Consider \(([ST]_{\mathcal{BB}''})_{ij}:\) \(S(T(v_{j}))=S\left(\sum_{l=1}^{m}b_{lj}w_{l}\right)=\sum_{l=1}^{m}b_{lj}S(w_{l})=\sum_{l=1}^{m}b_{lj}\cdot\sum_{r=1}^{k}a_{rl}\cdot z_{r}=\sum_{r=1}^{k}\left(\sum_{l=1}^{m}b_{lj}a_{rl}\right)z_{r}\)

Hence, \(([ST]_{\mathcal{BB}''})_{ij}=\sum_{l=1}^{m}b_{lj}a_{il}=\sum_{l=1}^{m}a_{il}b_{lj}=(AB)_{ij}\)\(\implies C_{ij} = (AB)_{ij} \implies C = AB.\)

Isomorphisms

Definition

A linear map \(T \in \mathcal{L}(V, W)\) is invertible if there is an \(S \in \mathcal{L}(W, V)\) such that \(ST = \text{Id}_V\) and \(TS = \text{Id}_W\). \(S\) is an inverse of \(T\).

Remark

If \(T\) is invertible, there is only one inverse, called \(T^{-1}\).
If \(T\) is invertible, \(T\) is injective and surjective.

Proposition

\(T \in \mathcal{L}(V, W)\) is invertible if and only if \(T\) is injective and surjective.

Proof

\(\Rightarrow\)) Since \(T\) is invertible, then there exists \(T^{-1}\) such that \(T^{-1}T = \text{Id}_V\) and \(TT^{-1} = \text{Id}_W\)

Injective

Consider \(T(v_1)=T(v_2)\), then \(T^{-1}T(v_1)=T^{-1}T(v_2)\Rightarrow v_1=v_2\)
Surjective

We need to prove \(\forall w\in W,\exists v\in V:T(v)=w\), thus consider \(v=T^{-1}(w)\), then it is valid...

\(\Leftarrow\)) We need to prove \(\exists S\) such that \(ST = \text{Id}_V\) and \(TS = \text{Id}_W\).

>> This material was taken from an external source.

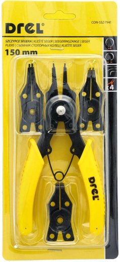 Pince universelle pour circlips DREL de 150 mm pour un travail précis et confortable. Grâce aux mâchoires interchangeables, elle gère les circlips internes et externes et offre un changement rapide des mâchoires ainsi qu'une poignée ergonomique pour une prise en main sûre.
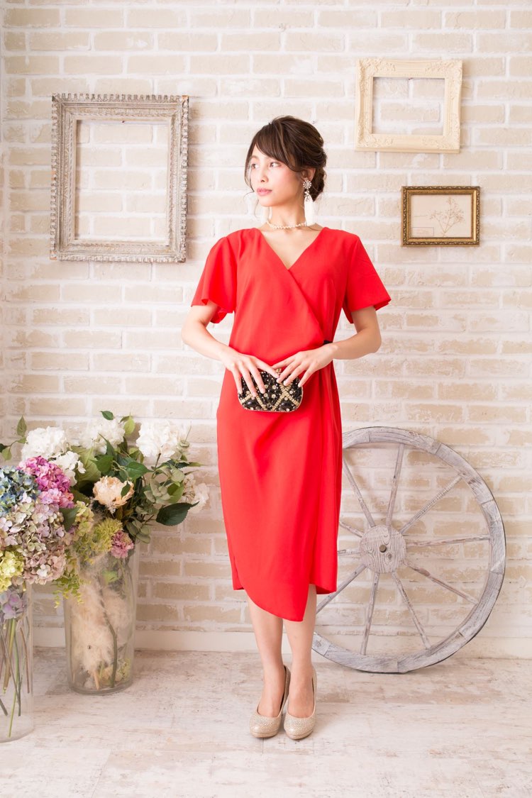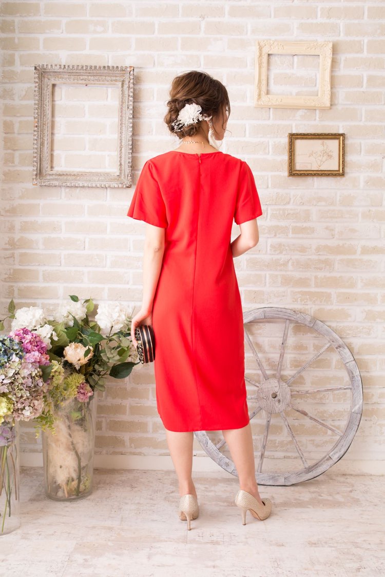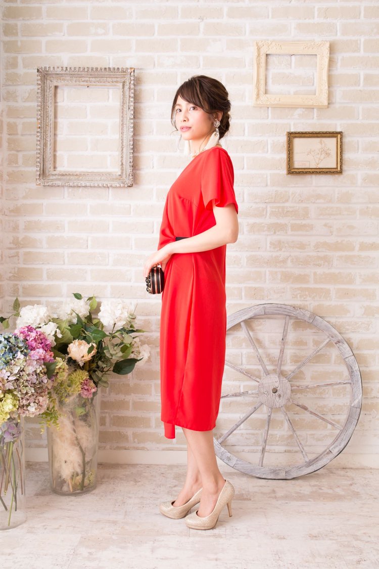 大人のエレガントさを放つレッドカラーのドレスです。サイドのブラックベルトが醸し出すモードなドレスデザインで、あなたらしい個性的なドレスアップを楽しんでみてはいかがですか。鮮やかなレッドカラーなら色被りの心配がなく、大人の女性の魅力を引き出してくれます。

Since \(T\) is bijective, then for any \(w\in W\) there exists a unique \(v\in V\) such that \(T(v)=w\)

Thus we define \(S(w)=v\left(v\text{ is unique}\right)\)

\(TS = \text{Id}_W\)

\(TS(w)=T(S(w))=T(v)=w\)
\(ST = \text{Id}_V\)

\(ST(v)=S(T(v))=S(w)=v\)
Linear

easy

Corollary

\(T \in \text{End}(V)\) is invertible if and only if \(T\) is injective if and only if \(T\) is surjective.

Definition

An invertible map \(T: V \to W\) is an isomorphism from \(V\) to \(W\). In this case, \(V\) and \(W\) are isomorphic. We write \(V\simeq W\).

Examples

\(\mathbb{C}_3\left\lbrack x\right\rbrack\simeq\mathbb{C}^4\)

Define \(T:\mathbb{C}^4\to\mathbb{C}_3\left\lbrack x\right\rbrack\) by \((a, b, c, d) \mapsto a + bx + cx^2 + dx^3\).

\(T\) is linear.

Moreover: \(\text{Null } T = \{0\} \implies T\) is injective. \(\text{Range }T=\mathbb{C}_3\left\lbrack x\right\rbrack\implies T\) is surjective.
\(M_{2\times3}(\mathbb{Q})\simeq\mathbb{Q}^6\)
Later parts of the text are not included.